Yes, he had a wooden leg, tucked neatly into a size seven Chuck Taylor high top, the victim of an unfortunate monkey mauling as a boy.  He’d grown up idolizing Martial Arts and Blaxploitation movies from the 70’s and would say things like, “Slip… me… skin… Brotha!” and “Hey… Jive… Turkey.”  But what made it worse (could if possibly get any worse?) was that 'Peg Leg' was a total chucker… I mean, a real Black Hole.  Instead of discussing Arthur Miller or Tennessee Williams or having him introduce my to Asia's greatest writers to me, he spent every moment together explaining how I could get him a shot.  He demanded the ball on every possession.  Clapping in my face… shouting at me from across the key… every time, hands out, demanding in a slow broken drawl…”Hey maaa-aaaan!  Pass…da…rock!” 
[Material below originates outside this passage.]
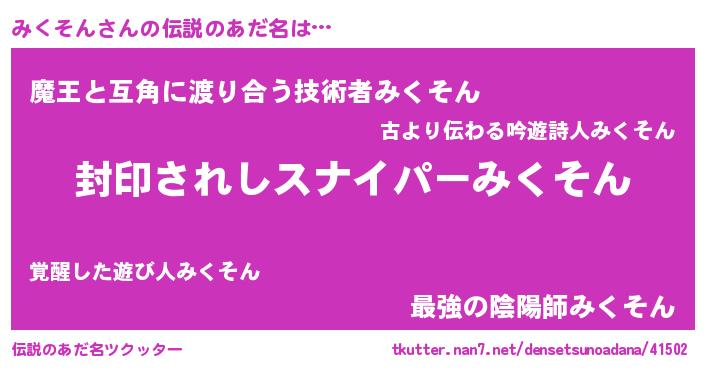 | 胡散臭い通販商品みたいなあだ名 | 『あなたにだけ特別に提供する世界で10本だけ現存している希少なブランデー…その名も「みくそん」』 |

I’ve never seen a player have such a diverse ability to give the ball away to the other team.  He passed it to them, handed it to them, seemed to will the ball mid-air into their grasp… and of course, he dribbled it off his wooden leg.  But each time he’d come back for more, “Hey maaa-aaan!”  So on that final possession, after clawing and fighting our way back, I decided to give him one last chance.  The final shot.  I held the ball and waited as precious seconds ticked away.  Down to twenty…then fifteen…then ten.  Then in one quick move I drop-stepped hard to the right and dribbled left, collapsing the defense upon me.   Suddenly turning, with less than five seconds on the clock, I shuffled the pass back to ‘Peg Leg’ who caught the ball in one perfect motion, his shooting hands ready, he lifted his arms and let the ball sail upwards toward the goal...
 The block sounded like a car crash.  One of the Engineering teachers swatted the ball so hard it took out two rows of wooden bleachers and still had enough force to bounce back on the other side of the court.  He made sure and chased the ball down leading to a celebratory dunk at the other end.  I stood and watched and sighed, then helped ‘Peg Leg’ up.  “That guy…is …jive, man.”  He slurred, rubbing his jaw.
I nodded. 
As I was leaving, the Agriculture Chair was laughing mercilessly with his team, telling me to come back anytime, my team needed me. That got quite a laugh.  Then he got serious, asking why I passed on the final shot, “You had the hot hand.  We couldn’t stop you.”
I smiled, “A guy with a wooden leg needs a break sometimes, you know?”
He laughed nervously and patted my back, “I don’t get it.”